Please retype exactly the lines from the one containing "Ползать мы хотим" through the end of the records, leaving out the pictures.

Data:
BEGIN

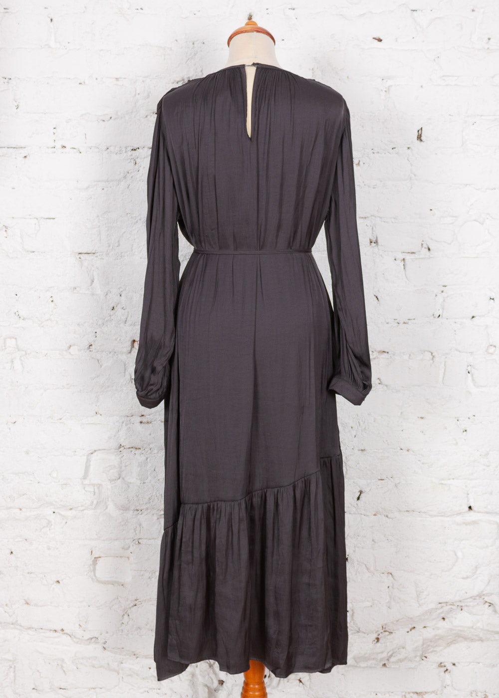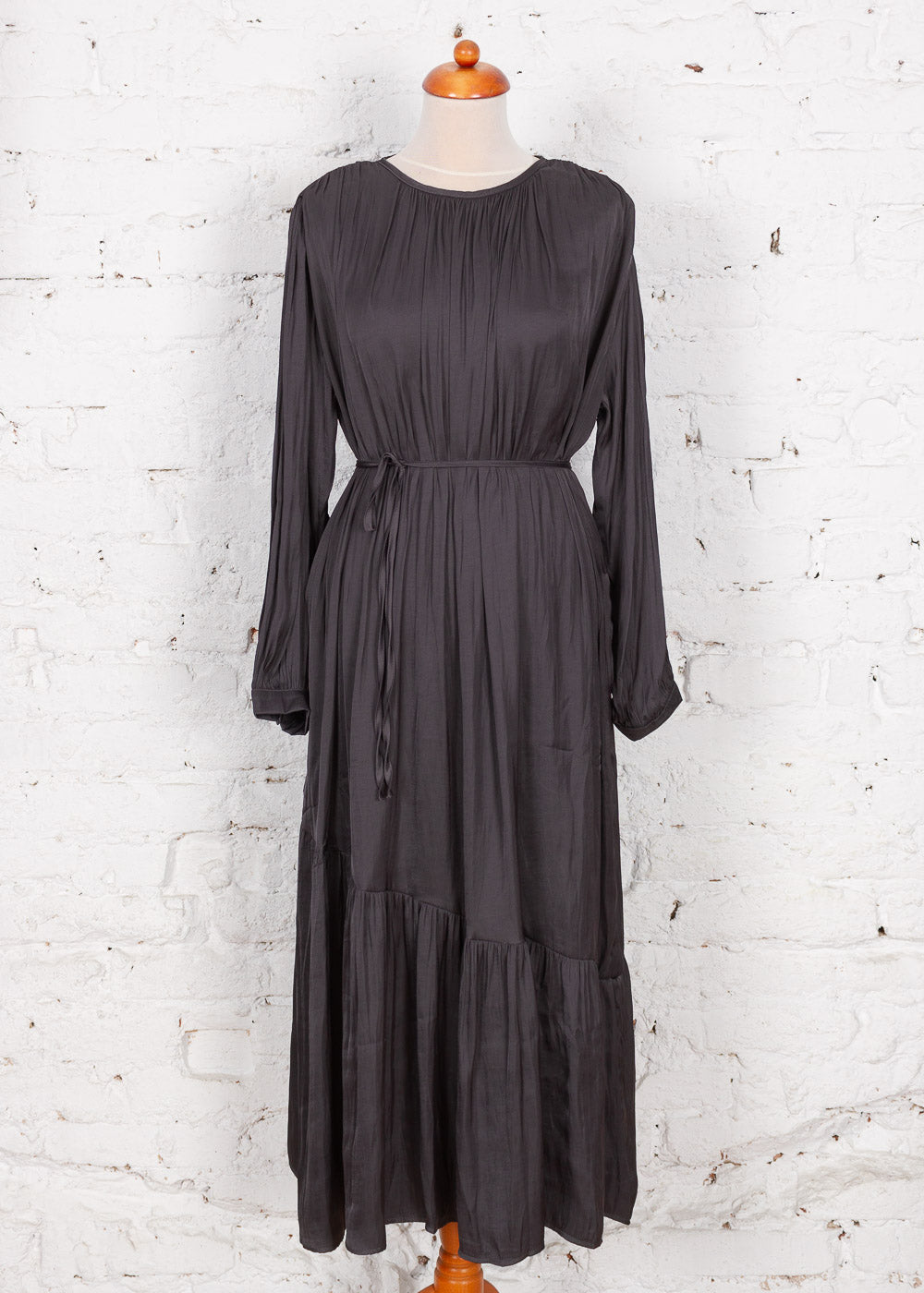 Rochie amplă lungă Amira gri închis satinat
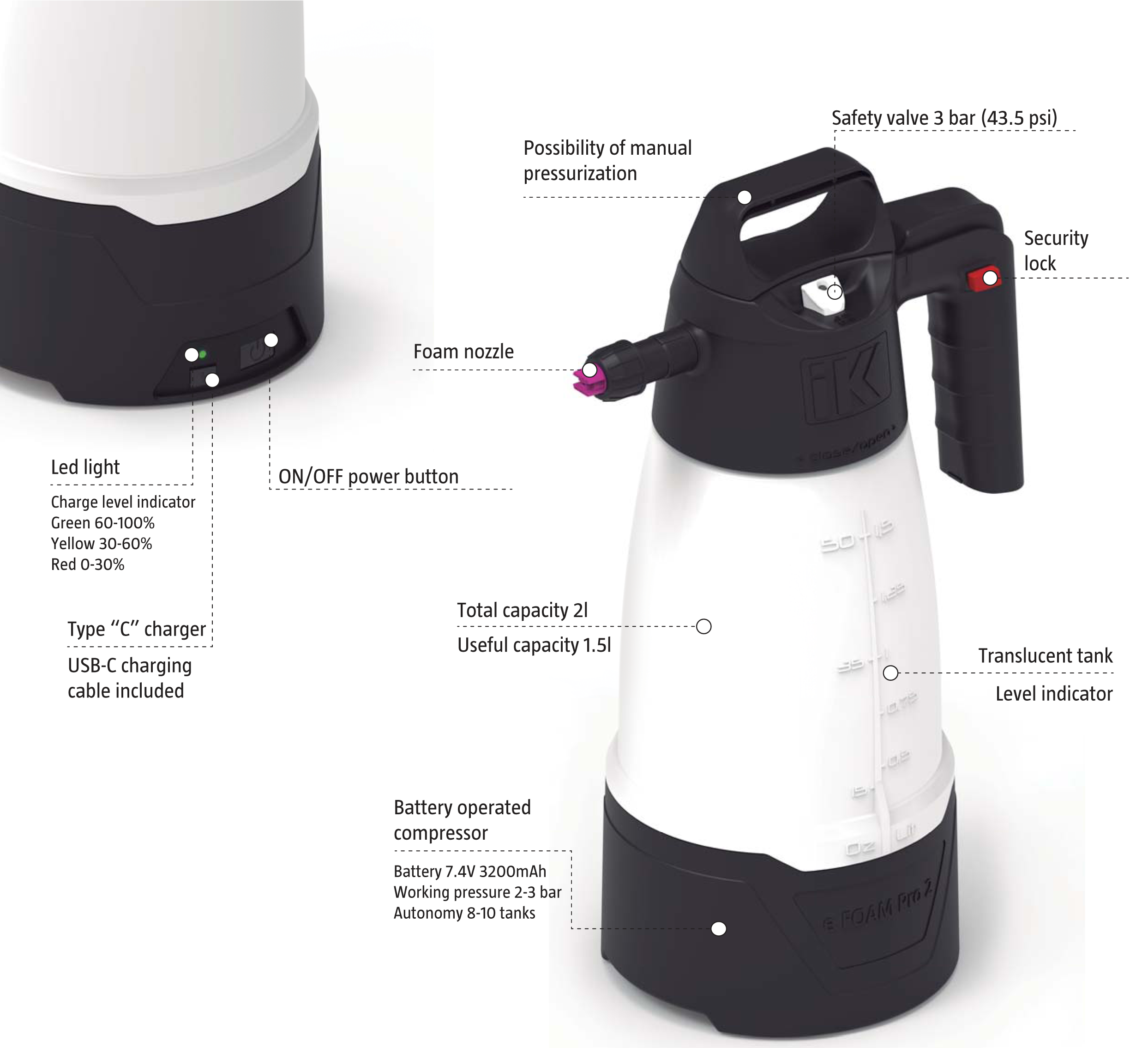 FEATURES: • Compatible with products from 0-10pH • Can be charged by pumping or air compressor • 3 types of foam, dry, medium, wet for different applications • Color caps to identify products • Markings on bottle to help with dilution • Safety release valve to prevent over pressure 43.5psi • Easy to maintain, no tools required to disassemble • 1.9L capacity • Safety lock on trigger
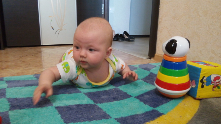Ползать мы хотим еще со времен,когда учились держать голову.Сейчас у нас это, можно сказать, начинает получаться. Хотя конечно я еще та мамаша.Только сегодня узнала,что детишки по идее сначала ползут,а потом садятся сами.А я жду когда сядет,а потом поползет)
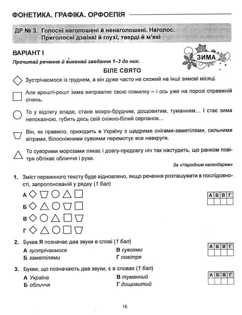 Навчальне видання орієнтовано на тематичне формування завдань до відповідної пори року, уподобань, творчості тощо; розроблено з урахуванням сучасних методик та моделі зовнішнього незалежного оцінювання.
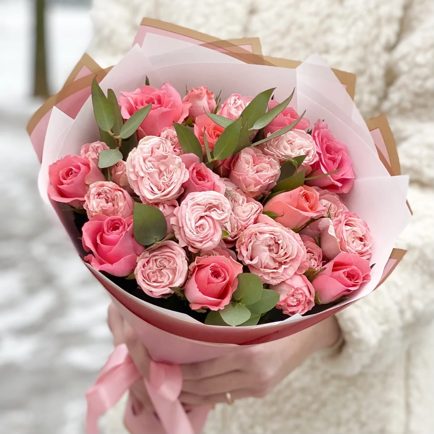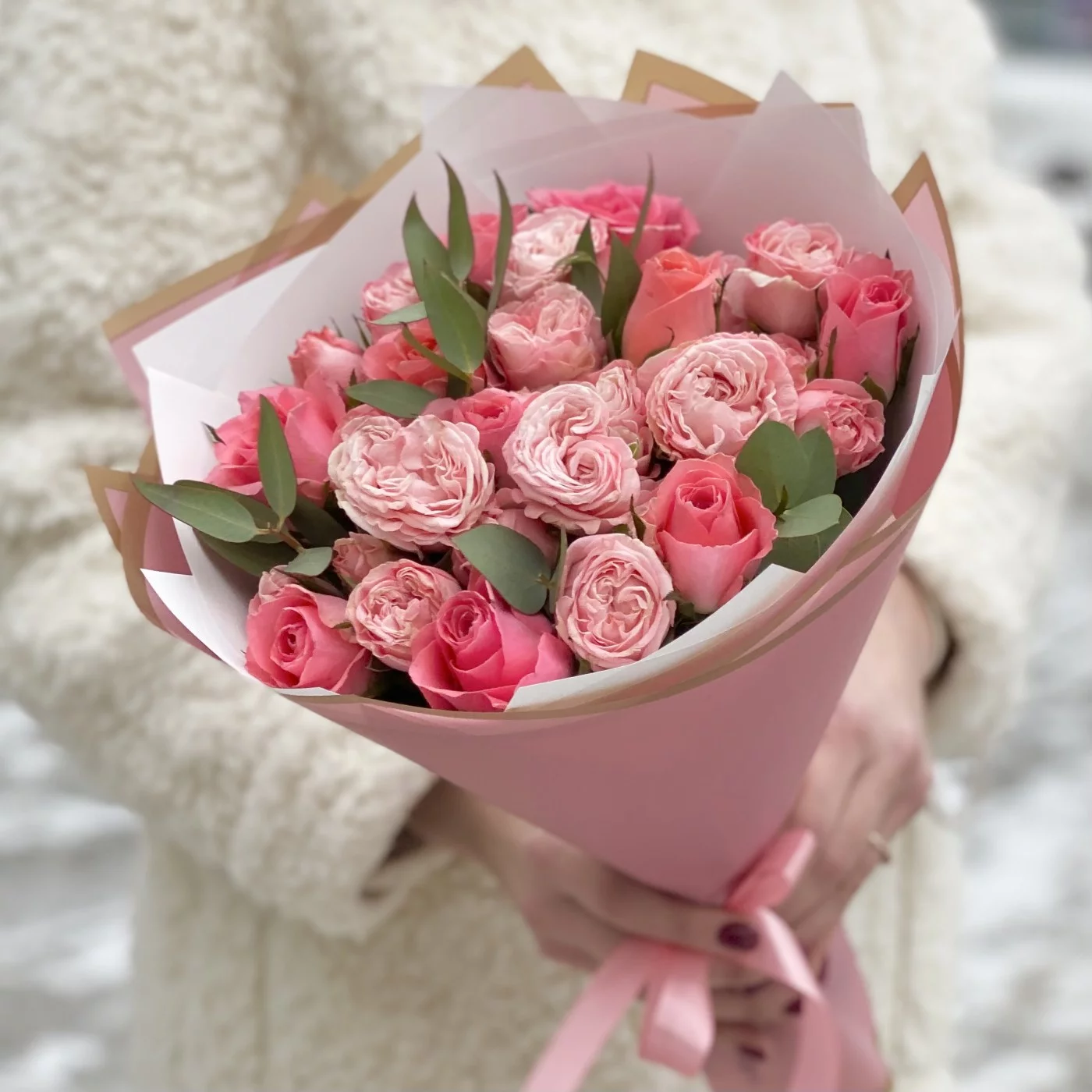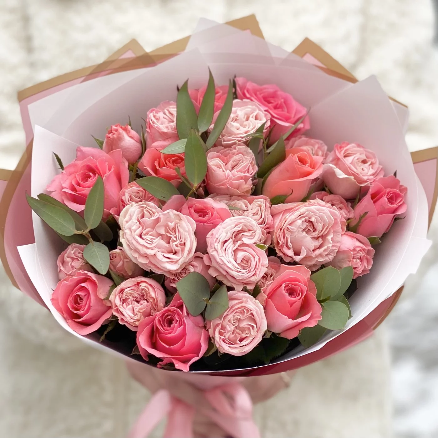Букет пионовидных роз Мадам бомбастик и Эйс пинк

END

Result for this exercise:
Ползать мы хотим еще со времен,когда учились держать голову.Сейчас у нас это, можно сказать, начинает получаться. Хотя конечно я еще та мамаша.Только сегодня узнала,что детишки по идее сначала ползут,а потом садятся сами.А я жду когда сядет,а потом поползет)
 Навчальне видання орієнтовано на тематичне формування завдань до відповідної пори року, уподобань, творчості тощо; розроблено з урахуванням сучасних методик та моделі зовнішнього незалежного оцінювання.
Букет пионовидных роз Мадам бомбастик и Эйс пинк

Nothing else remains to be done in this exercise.